Rediscovering lost music via the vinyl bins at secondhand stores

Album: Things I Meant to Say

Artist: Marcus Joseph

Place: Habitat for Humanity Thrift Store (2209 N. Central Ave.)

Price: 50 cents

Nostalgiacs seldom yearn for the 1970s. And why would they? The hopeful '60s ended when flower power morphed into Helter Skelter, the Cuyahoga River caught fire, and it became clear that we were going to lose our first war. By mid-decade our paranoid and unstable president was driven from Washington, replaced two years later by a feckless leader who thought that dressing like Mr. Rogers and telling us to drive slower could right the ship. Crime was rampant (in 1975 the murder rate was twice what it is today), and discussions about our cities descending into Escape from New York-like chaos were realistic rather than hyperbolic.

What kind of music came out of this milieu? Hipsters and rock historians will cite the beginnings of heavy metal and punk rock—manifestations of artists raging against the dysfunctional machine. But something altogether different came out of this era as well: soft rock. "Soft rock" is an oxymoron, as most of the music so called is more soft than rock. Soft rock is much maligned, viewed by the intelligentsia as fluff cynically foisted on the listening public while America burned. Soft rock was sweet and polished and earnest when America was everything but these things.
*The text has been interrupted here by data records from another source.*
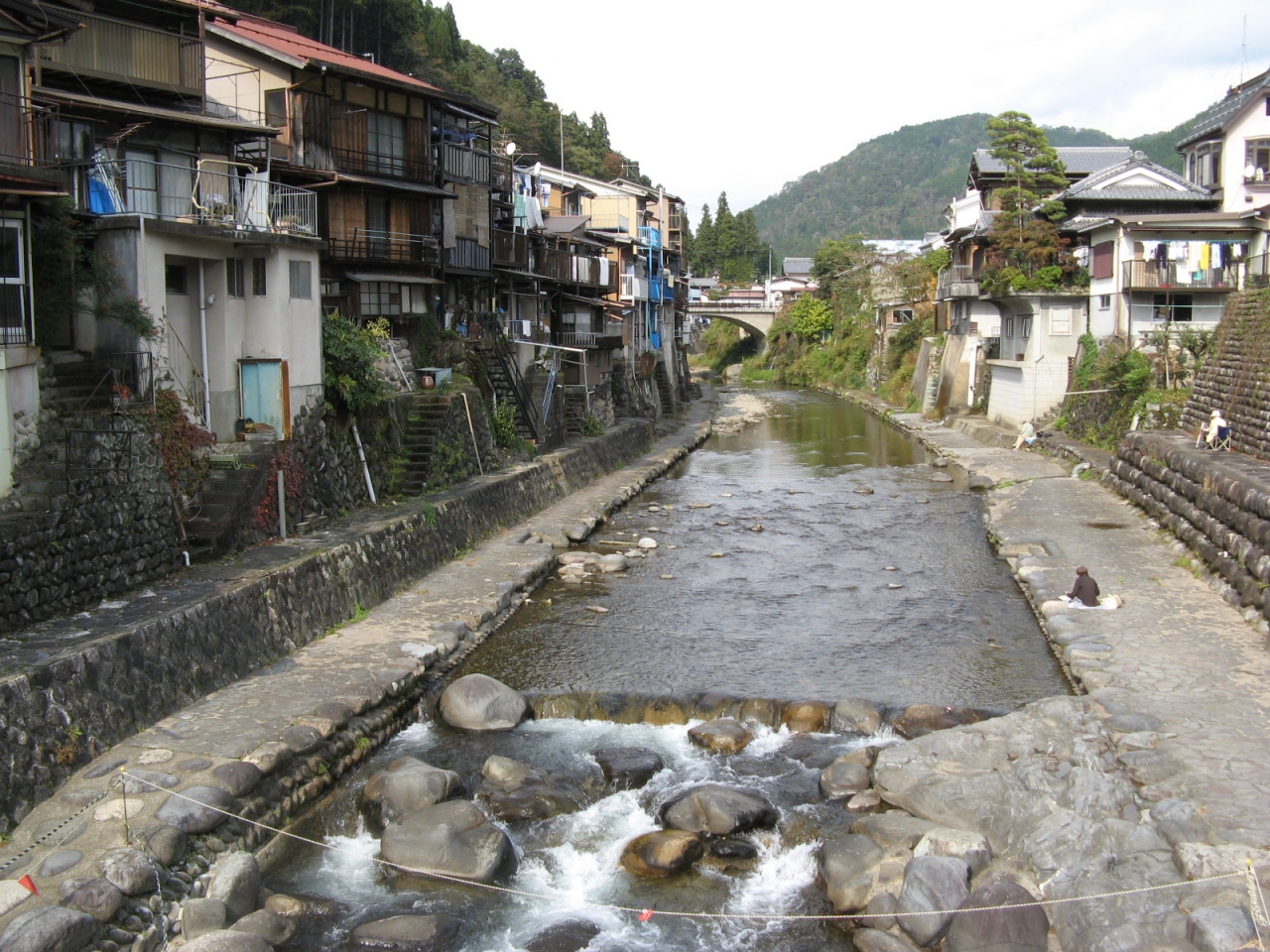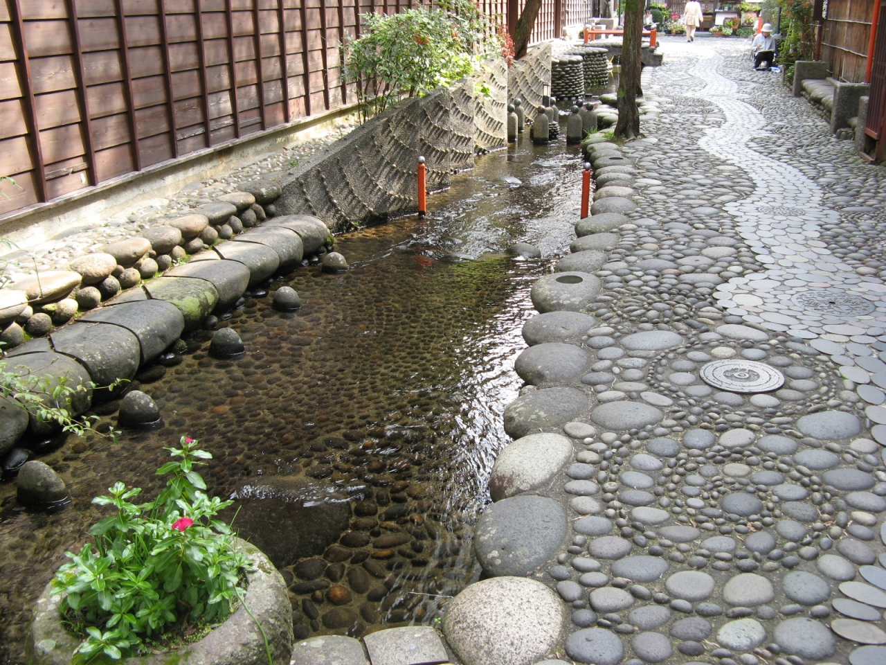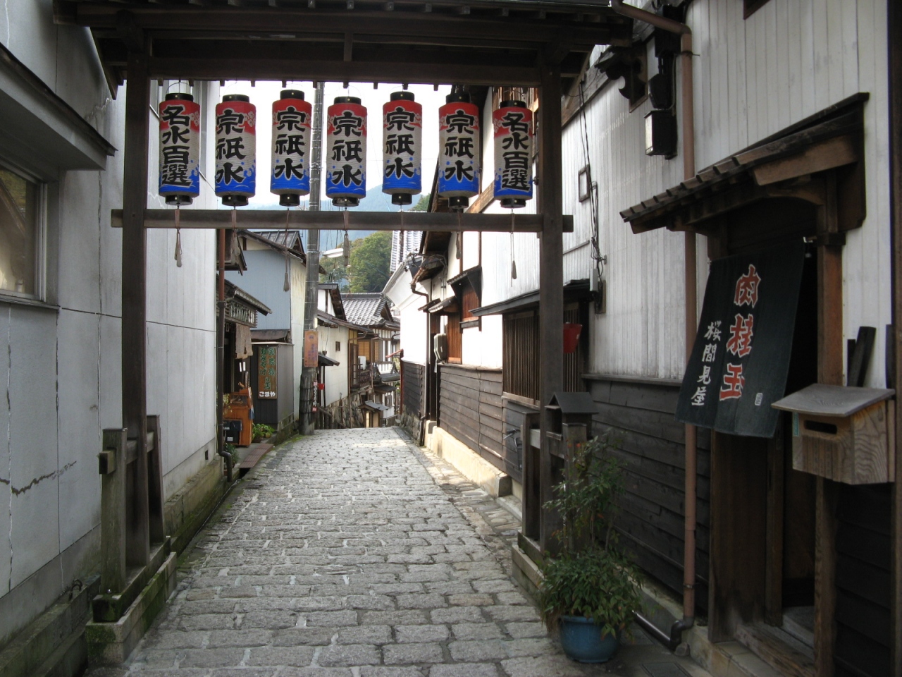 郡上八幡の町を歩いていると、町家の前を綺麗な水路が流れていたり、水飲み場があったり“水に恵まれた町”と言うことが判ります。「宗祗水」は、そんな“水”について象徴する場所の一つです。町家の通りから、細い石畳の路地を下りていくと小さな祠があって、その下から綺麗な水が流れています。水路は、地域の住民が利用する“水舟”という、一段目は飲料水、二段目は食材の洗い、三段目は食器洗いと洗濯に利用する三段になっていますが、今は、住民は使わず、観光スポットになっているようです。郡上八幡らしい、いい雰囲気のところでした。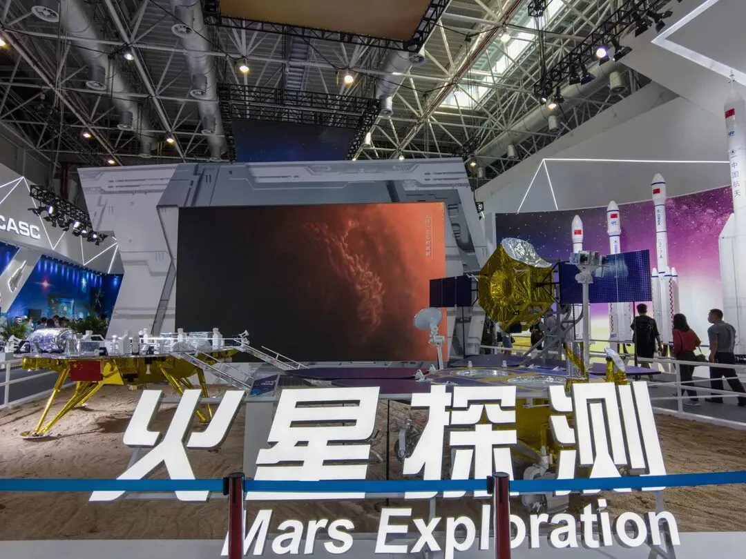 航天科技集团展出约170余项航天科技成果,参与我国载人航天、火星探测、探月工程、北斗导航系统等国家重大工程任务的“主角”齐亮相,新一代载人运载火箭、重型运载火箭等10型运载火箭模型齐上阵,M20A/B地地导弹武器系统和防空领域的“变形金刚”LY- 70防空导弹武器系统也首次公开,彩虹4号无人机3次飞行表演,体现了集团空天一体、攻防兼备的整体优势;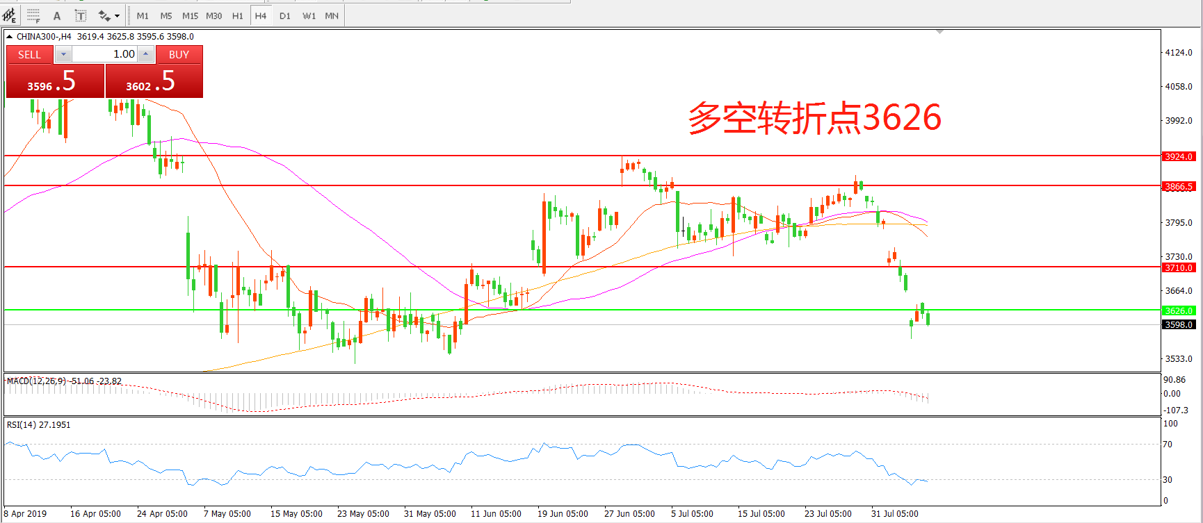 多空转折点:3626.00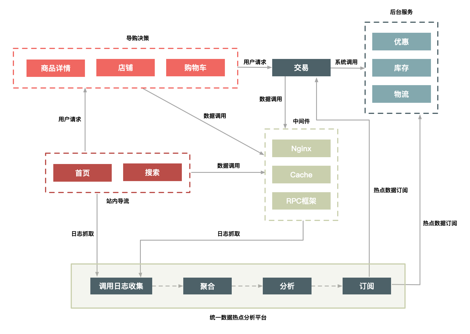 针对动态热点商品,我们需要构建一个可以自动发现热点商品的系统,大致思路是在上游中间件中(如Nginx)对热点数据进行统计(如Url),然后通知下游服务提前做好应对(如提前进行缓存)。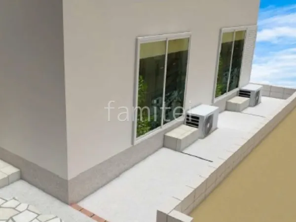 犬走の駐輪スペースは、土間コンクリート仕上げにすることで耐久性と清掃性を向上し、見た目もすっきりとした空間に仕上げました。 また、既存のコンクリート階段には300角タイル LIXIL パセオを貼り仕上げ、上質な印象をプラスしました。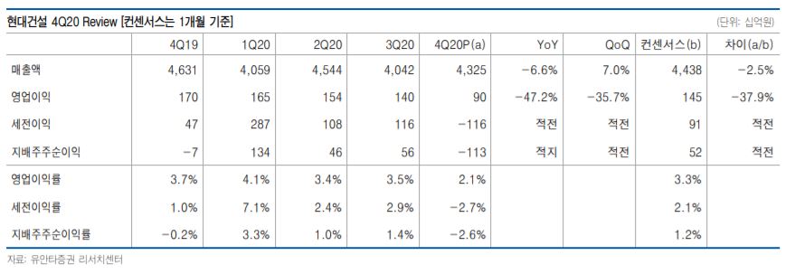 유안타증권은 현대건설의 지난해 4분기 연결 기준 실적은 매출액 4조3300억 원, 영업이익 899억 원을 기록했다고 밝혔다. 신종코로나바이러스 감염증(코로나19) 및 신규 수주 현장의 매출 인식 지연으로 해외부문 매출은 지난해 같은 기간보다 23.8% 감소하며 부진했다.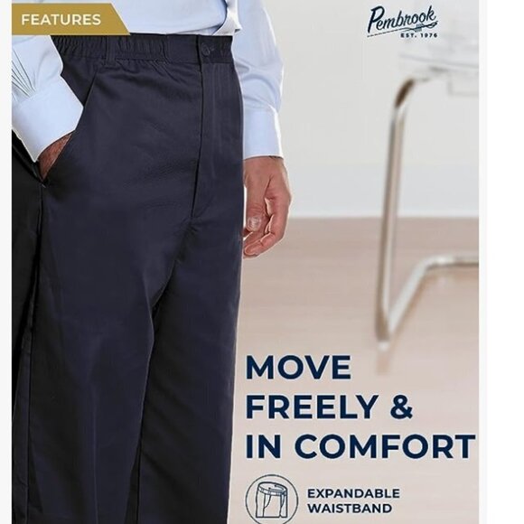 Easy to Put on and Wear - The Pembrook elastic waist pants men features a full elastic waistband, a zipper and button. The relaxed fit makes these the perfect men's leisure pants elastic waist with fly. The features also make them suitable for seniors and elderly that may need adaptive clothing that can adjust to their need for comfort.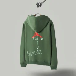 Description: The Travis Scott Graphic Print Hoodie is a limited-edition collectible piece, representing the Cactus Jack brand and intrinsically linked to Travis Scott’s music and events. The product boasts premium cotton fleece and features a definitive oversized fit, making it universally stylish for all genders and body types in the streetwear realm. Defined by bold, exclusive graphics and the artist’s unique logo, this hoodie is a powerful style statement that asserts presence in both hip-hop and street fashion culture.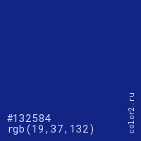 Цвет #132584 в цветовой модели RGB обозначается тремя октетами (19, 37, 132) в десятичном формате и #132584 в шестнадцатиричном (hex) формате, которые являются интенсивностью красного 19 (hex 13), интенсивность зелёного 37 (hex 25) и интенсивность синего 132 (hex 84).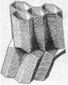 在下页图中,可见巢室排得很紧密,蜜蜂已经用半菱形十二面体将端处盖好。此外,蜜蜂所建室壁的斜度是13°,这样可以防止蜂蜜在端顶被蜡帽封盖前流出。

I have a much more positive view of soft rock; as an unpretentious reaction to a nihilistic politics, a brutal and confounding war, and shocking levels of civil violence, music about falling in love, taking care of your own, and figuring out how to take it easy makes a lot of sense.

Marcus Joseph's Things I Meant to Say fits nicely in the soft-rock canon. An earnest Joseph stares out at us from the album's front cover, and on the flip side the songs are listed, among them "Before the Night Is Over," "I Don't Want to Get Over You," and "Things I Meant to Say." The songs' titles telegraph what listeners are in for—soft rock in the vein of Ambrosia, Bread, and England Dan and John Ford Coley. The mostly acoustic songs are uniformly sweet and mellow numbers about love and romance. In some, including the wonderful "Nice Guys Finish Last," Marcus laments his inability to win the woman of his dreams. In others, including the "I'd Really Love to See You Tonight" clone "Before the Night Is Over," and "I've Got You Where I Want You," Marcus happily informs another (presumably different) woman of his dreams that they may have a future together but even if they don't they should spend at least one glorious night together. There really isn't a clunker in the bunch. The songs are uniformly catchy, professionally rendered, and just plain pleasant.

As far as I can tell, Marcus Joseph vanished from the face of the globe after this record was released. His voice is slightly raspier than that of sweeter soft-rock crooners such as Christopher Cross and Stephen Bishop, and perhaps this explains his lack of success even in the soft rock-friendly 1970s. Perhaps, however, there is a soft-rock completist somewhere (Japan perhaps?) who recognizes the gentle virtuosity of Marcus Joseph.